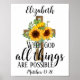 Customizable name with scripture from Matthew 19:26 "with God all things are possible" with watercolor sunflowers and a cross, with script and serif typography.
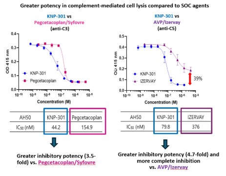 카나프테라퓨틱스는 이번 ARVO 2026에서 KNP-301과 습성 황반변성 및 지도모양위축 표준치료제(Standard of Care, SOC)와 직접 비교한 전임상 효능 평가 데이터를 공개할 예정이다. KNP-301은 습성 황반변성 표준치료제인 Eylea(aflibercept) 및 Vabysmo(faricimab)과 동등한 수준의 억제 효능을 보였으며, 보체 대체경로 용혈 분석에서는 지도모양위축 표준치료제인 Syforvere(pegcetacoplan) 및 Izervay(avacincaptad pegol) 대비 더 강한 억제 활성을 확인했다. 특히 IC50(50% 억제농도) 값은 Syforvre 대비 약 3.5배, Izervay 대비 약 4.7배 낮게 나타나, KNP-301 보체 억제 효능을 뒷받침했다.
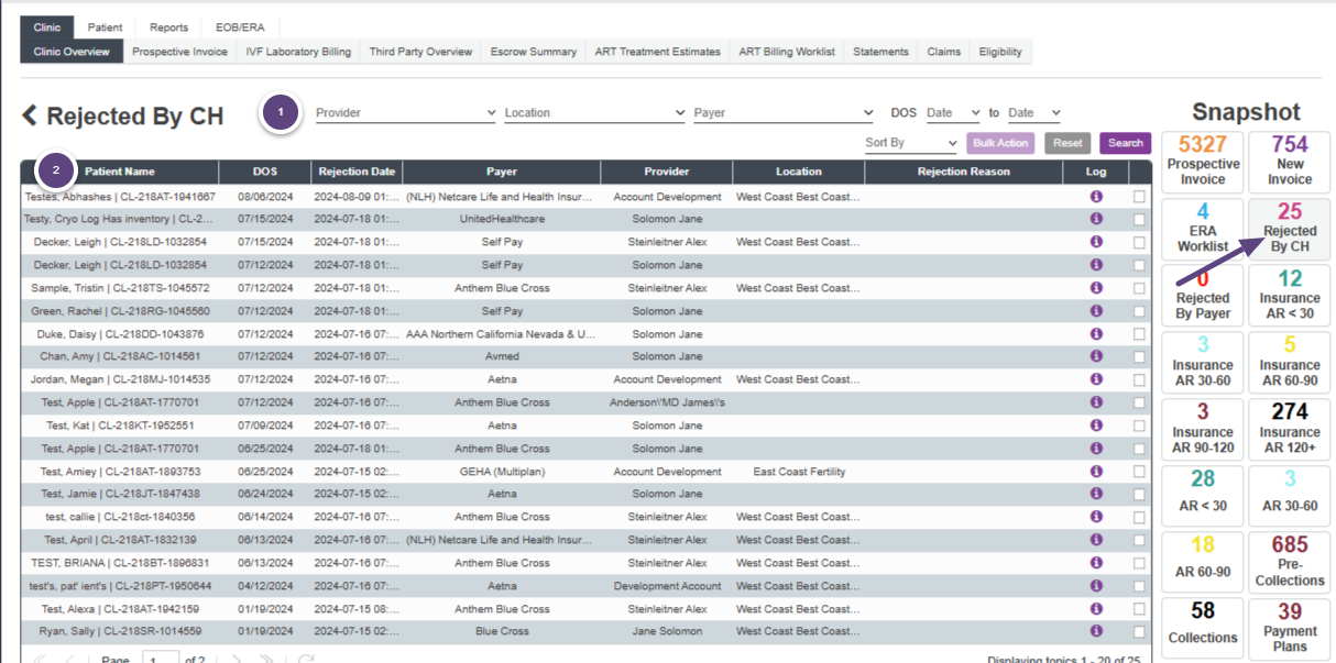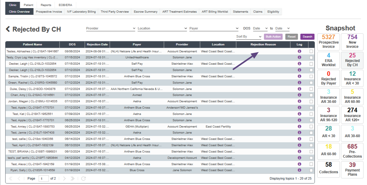 Any claims that are rejected by the clearinghouse, Change Healthcare, will be placed into the Rejected by CH snapshot.
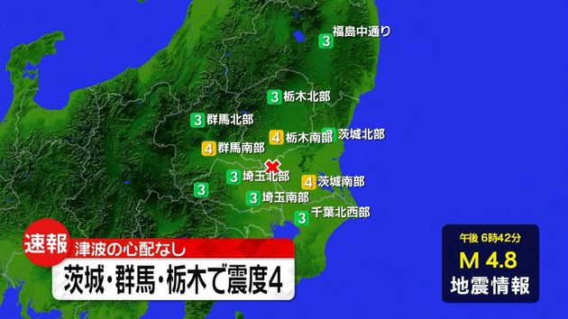 筑西市、宇都宮市、足利市などで震度4 津波の心配なし気象庁によりますと5日午後6時42分ごろ、地震がありました。この地震による津波の心配はありません。震度4を観測したのは、筑西市、宇都宮市、足利市、佐野市、鹿沼市、下野市、高根沢町、桐生市、大泉町、震度3を観測したのは、白河市、須賀川市など。news.ntv.co.jp
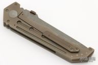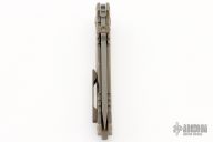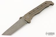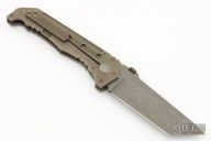 This knife features a tumble finished tanto blade with swedge, notched thumbrest and flipper. The handle has a tumbled anodized and tumbled finished titanium frame with a matching tip up pocket clip. Blade is centered when closed, strong detent, and locks open with no movement/play. Includes a padded zipped case.  Light scuffs and scratches are visible otherwise the knife is in excellent condition.
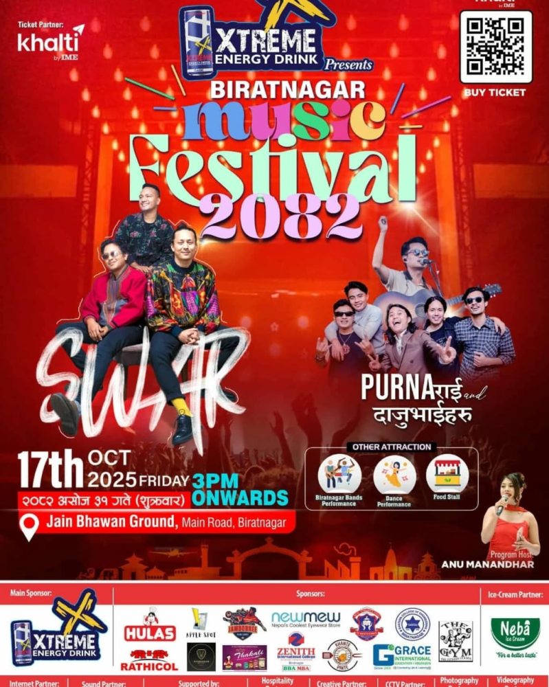 यही असोज ३१ शुक्रबार साँझ विराटनगरको जैन भवनमा भव्य साँगितीक कार्यक्रम हुदैछ । लाईभ ईन्टरटेडमेन्टको आयोजनामा विराटनगरमा चौथो सस्करणको विराटनगर म्युजिक फेष्टिभल हुदैछ । यसको लागि अहिले आयोजकले तिव्र रुपमा तयारीलाई अगाडी बढाईरहेको छ । आयोजकले कार्यक्रममा सहभागिता जनाउनको लागि अहिले विराटनगरका ११ स्थानमा टिकट उपलब्ध हुने गरी टिकट राखिदिएको छ । आम विराटनगरवासीलाई सहज रुपमा टिकट उपलब्ध होस भन्ने उदेस्यले विराटनगरका विभिन्न क्याफे, रेष्टुरेण्ट तथा सपिङ स्टोरहरुमा राखिएको विराटनगर म्युजिक फेष्टिभलका कार्यक्रम संयोजक सेन्ट्रो महतले जानकारी दिए ।
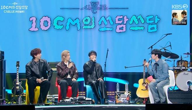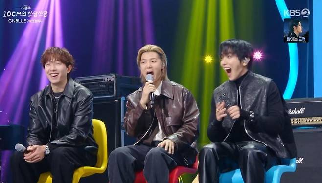여기에 십센치는 "저희가 한때 1위 대결을 했었다"라며 "그때 꼭 사과하고 싶었다"고 말해 이목을 집중시켰다. 그러면서 십센치는 "2016년 십센치의 '봄이 좋냐'와 씨엔블루의 '이렇게 예뻤나'가 붙었다. 당시 씨엔블루가 '이렇게 예뻤나'로 모든 방송에서 1위를 했다. 저랑 붙은 방송사 빼고"라고 기선을 제압했다.
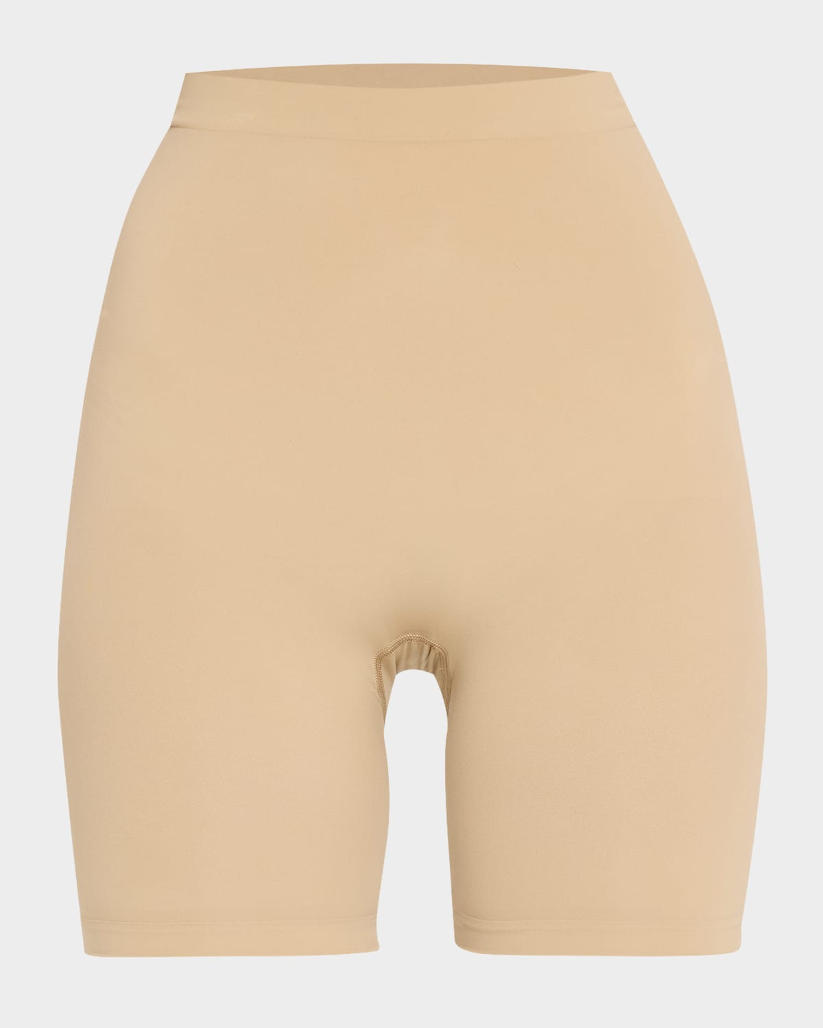 SKIMS shorts with strong targeted compression for shaping Interior waistband with a silicone band to prevent rolling Strong compression along the tummy, waist, and thighs Midthigh length Formfitting Nylon/polyamide/elastane Imported

================================

Copy exactly the lines of the entries above from the one containing "Any claims that" through the one containing "This knife features". Both end lines count; pictures do not.

▶ Task solution:
 Any claims that are rejected by the clearinghouse, Change Healthcare, will be placed into the Rejected by CH snapshot.
 筑西市、宇都宮市、足利市などで震度4 津波の心配なし気象庁によりますと5日午後6時42分ごろ、地震がありました。この地震による津波の心配はありません。震度4を観測したのは、筑西市、宇都宮市、足利市、佐野市、鹿沼市、下野市、高根沢町、桐生市、大泉町、震度3を観測したのは、白河市、須賀川市など。news.ntv.co.jp
 This knife features a tumble finished tanto blade with swedge, notched thumbrest and flipper. The handle has a tumbled anodized and tumbled finished titanium frame with a matching tip up pocket clip. Blade is centered when closed, strong detent, and locks open with no movement/play. Includes a padded zipped case.  Light scuffs and scratches are visible otherwise the knife is in excellent condition.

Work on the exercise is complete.